# What you are asked to do:
In the entries below, find the line with "Property Description: 70" and the line with "This document provides"; reproduce those two lines and all lines between them exactly, without pictures.

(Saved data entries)

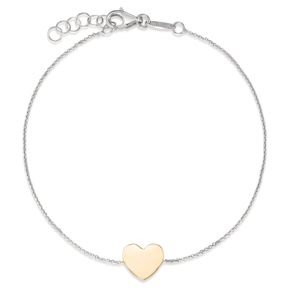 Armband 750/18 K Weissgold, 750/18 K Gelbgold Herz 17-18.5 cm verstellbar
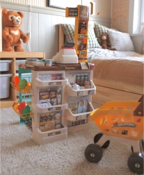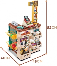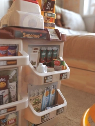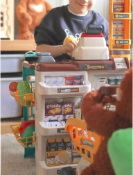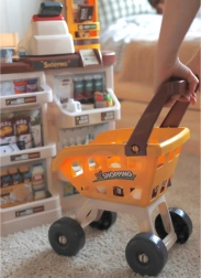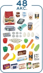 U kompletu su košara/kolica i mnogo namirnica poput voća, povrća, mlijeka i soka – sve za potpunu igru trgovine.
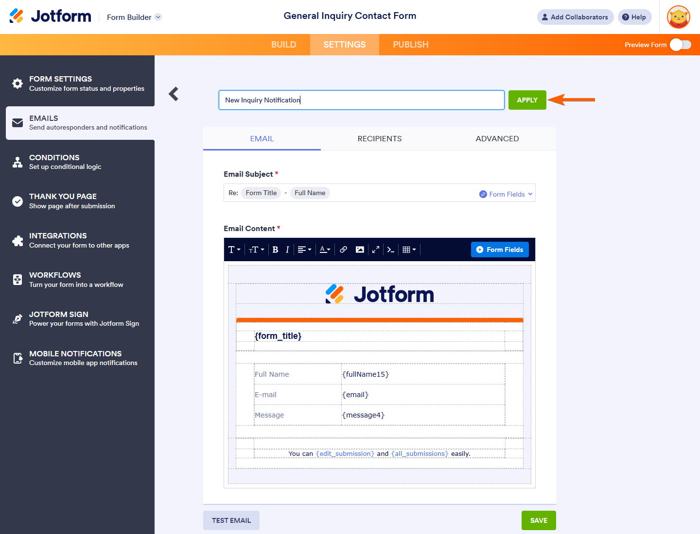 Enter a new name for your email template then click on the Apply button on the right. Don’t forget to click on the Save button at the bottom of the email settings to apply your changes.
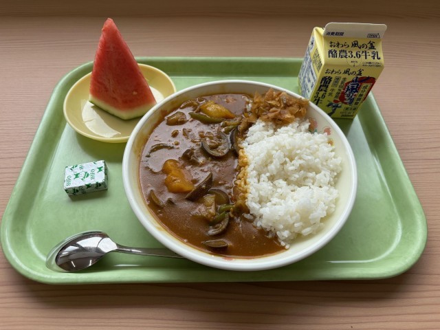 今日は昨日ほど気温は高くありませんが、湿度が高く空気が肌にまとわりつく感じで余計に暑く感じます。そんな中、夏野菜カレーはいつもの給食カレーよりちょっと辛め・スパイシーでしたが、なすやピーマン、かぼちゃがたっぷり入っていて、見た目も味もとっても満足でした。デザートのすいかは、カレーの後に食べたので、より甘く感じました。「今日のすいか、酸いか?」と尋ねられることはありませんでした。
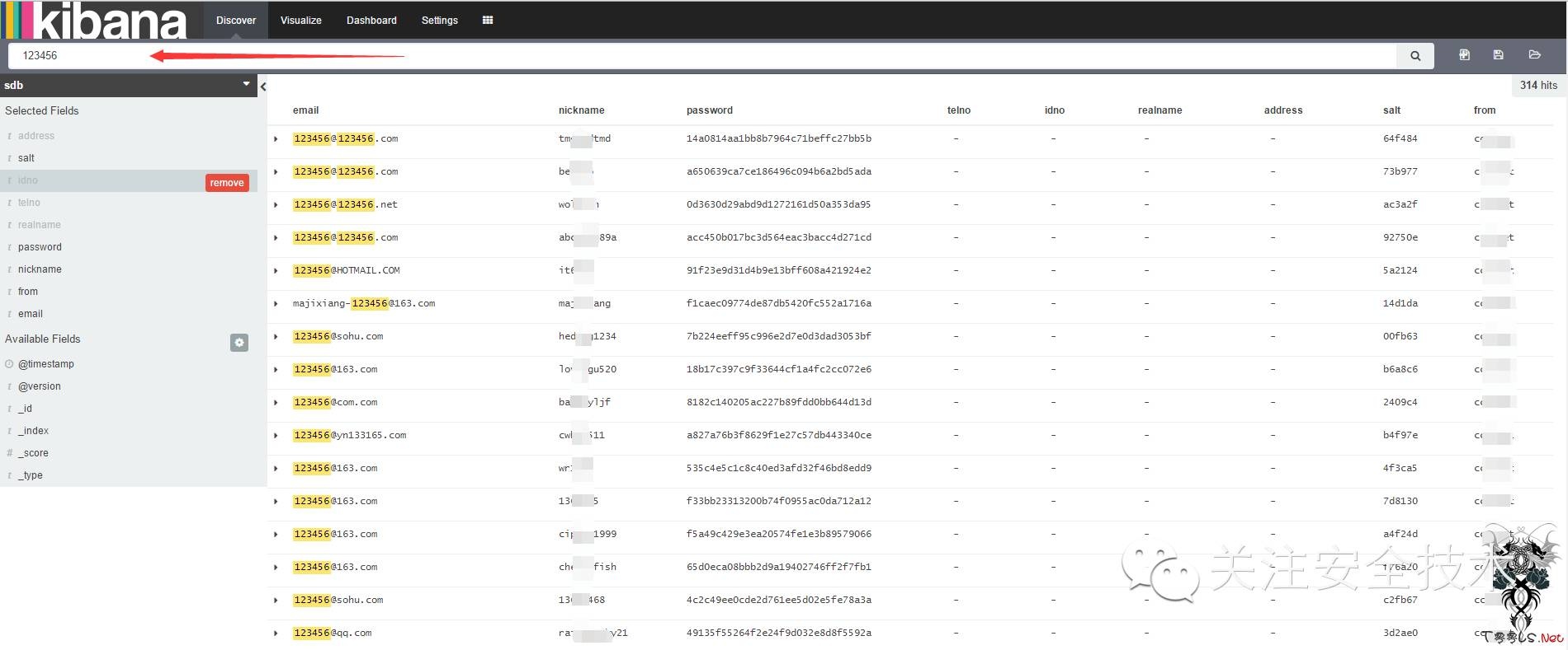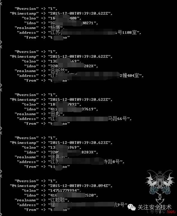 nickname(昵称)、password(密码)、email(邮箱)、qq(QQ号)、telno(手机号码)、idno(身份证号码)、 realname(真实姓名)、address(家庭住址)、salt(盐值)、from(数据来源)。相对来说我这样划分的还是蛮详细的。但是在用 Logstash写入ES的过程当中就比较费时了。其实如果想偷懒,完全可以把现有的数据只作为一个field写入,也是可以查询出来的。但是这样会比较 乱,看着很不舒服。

==

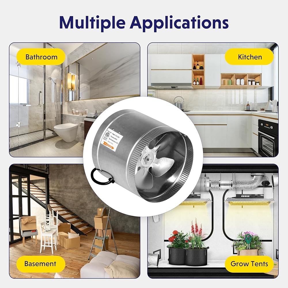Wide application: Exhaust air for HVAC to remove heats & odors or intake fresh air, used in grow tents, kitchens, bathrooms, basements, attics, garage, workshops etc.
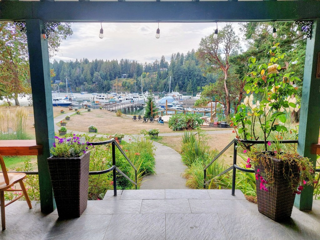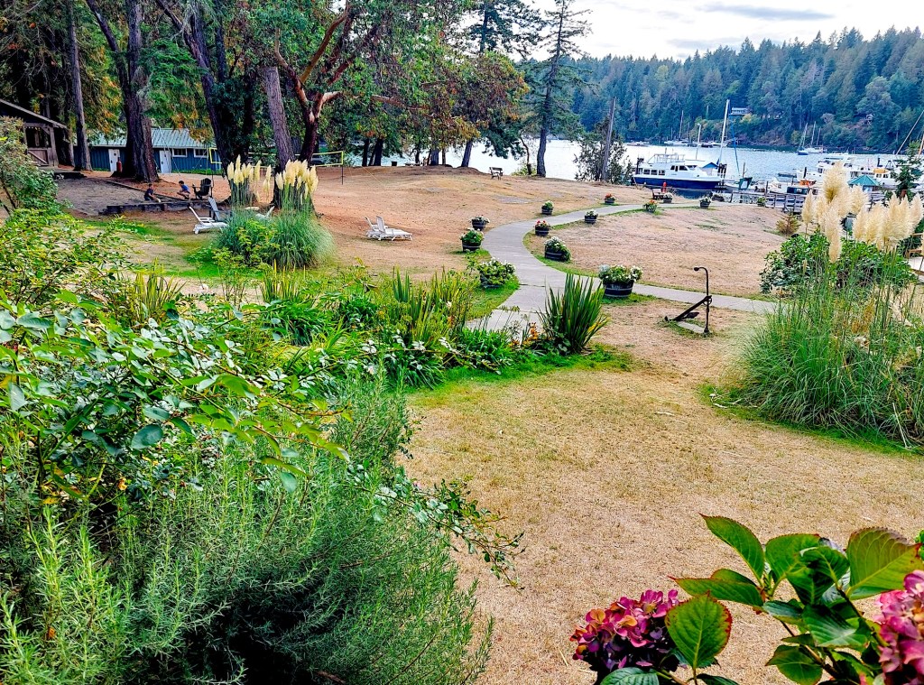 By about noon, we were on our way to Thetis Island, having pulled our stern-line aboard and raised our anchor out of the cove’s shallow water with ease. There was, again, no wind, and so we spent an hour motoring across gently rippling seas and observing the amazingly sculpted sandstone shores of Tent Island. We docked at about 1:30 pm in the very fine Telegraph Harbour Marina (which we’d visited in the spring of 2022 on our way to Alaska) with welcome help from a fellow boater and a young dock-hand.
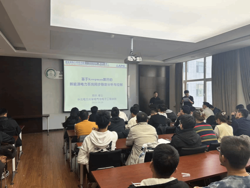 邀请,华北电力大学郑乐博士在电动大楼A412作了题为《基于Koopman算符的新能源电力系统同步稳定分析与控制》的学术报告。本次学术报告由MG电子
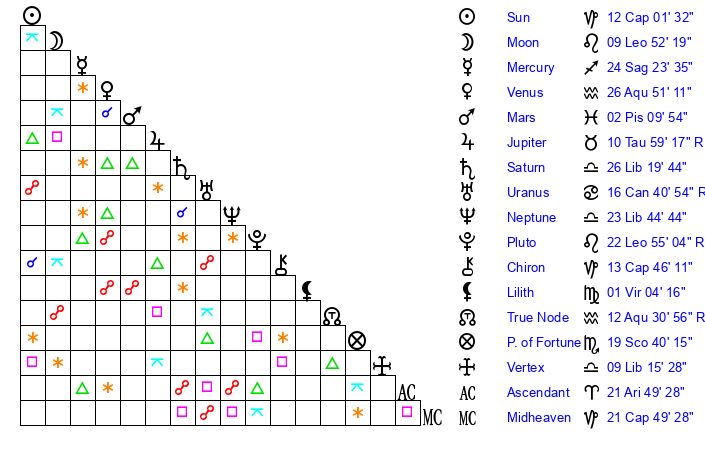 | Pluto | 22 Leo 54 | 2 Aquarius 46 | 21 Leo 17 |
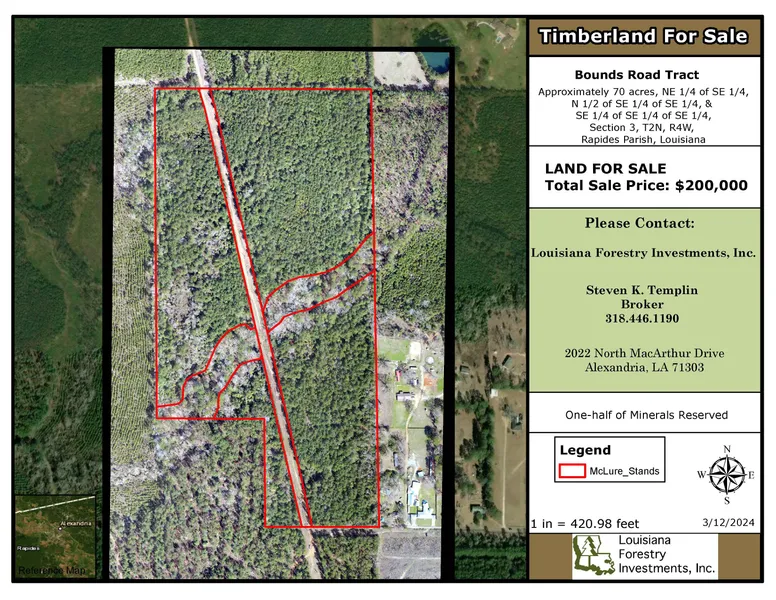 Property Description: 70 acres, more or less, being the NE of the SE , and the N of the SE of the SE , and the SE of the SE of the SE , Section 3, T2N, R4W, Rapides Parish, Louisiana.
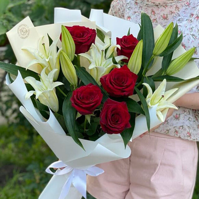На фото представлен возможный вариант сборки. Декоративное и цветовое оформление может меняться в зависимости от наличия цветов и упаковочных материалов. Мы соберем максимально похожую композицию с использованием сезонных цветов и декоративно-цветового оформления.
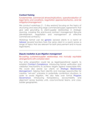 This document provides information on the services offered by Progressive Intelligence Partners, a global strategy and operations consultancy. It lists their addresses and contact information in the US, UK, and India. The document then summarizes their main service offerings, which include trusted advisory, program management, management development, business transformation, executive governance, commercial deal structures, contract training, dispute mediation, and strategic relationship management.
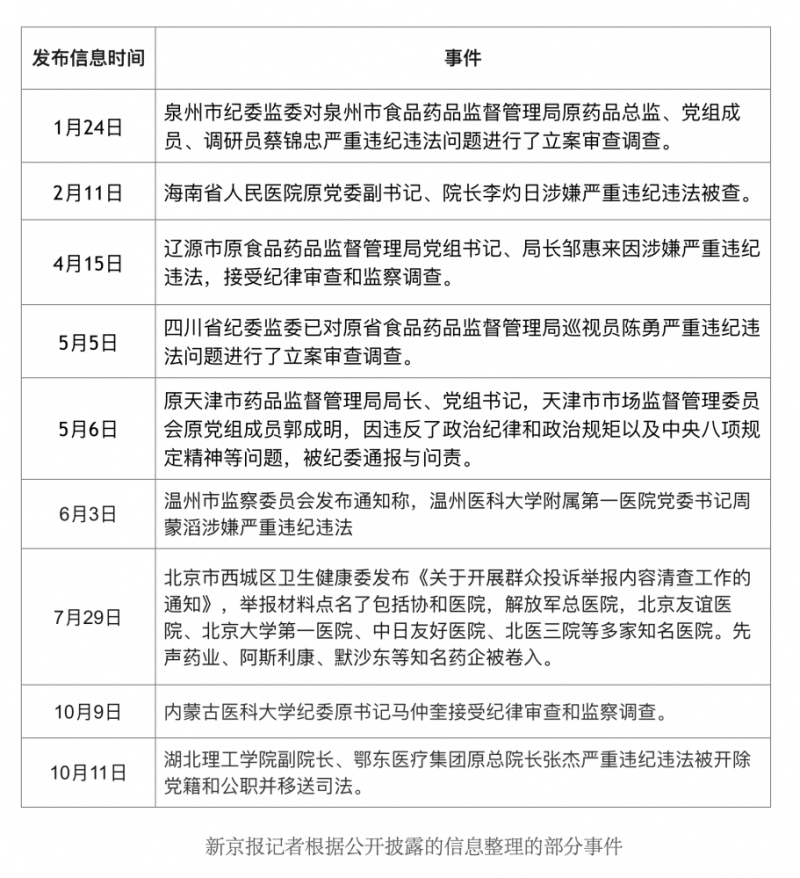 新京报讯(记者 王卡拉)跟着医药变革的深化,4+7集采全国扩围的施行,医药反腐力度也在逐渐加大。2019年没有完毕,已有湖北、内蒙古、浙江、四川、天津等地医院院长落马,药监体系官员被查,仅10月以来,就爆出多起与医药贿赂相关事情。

# Result:
 Property Description: 70 acres, more or less, being the NE of the SE , and the N of the SE of the SE , and the SE of the SE of the SE , Section 3, T2N, R4W, Rapides Parish, Louisiana.
На фото представлен возможный вариант сборки. Декоративное и цветовое оформление может меняться в зависимости от наличия цветов и упаковочных материалов. Мы соберем максимально похожую композицию с использованием сезонных цветов и декоративно-цветового оформления.
 This document provides information on the services offered by Progressive Intelligence Partners, a global strategy and operations consultancy. It lists their addresses and contact information in the US, UK, and India. The document then summarizes their main service offerings, which include trusted advisory, program management, management development, business transformation, executive governance, commercial deal structures, contract training, dispute mediation, and strategic relationship management.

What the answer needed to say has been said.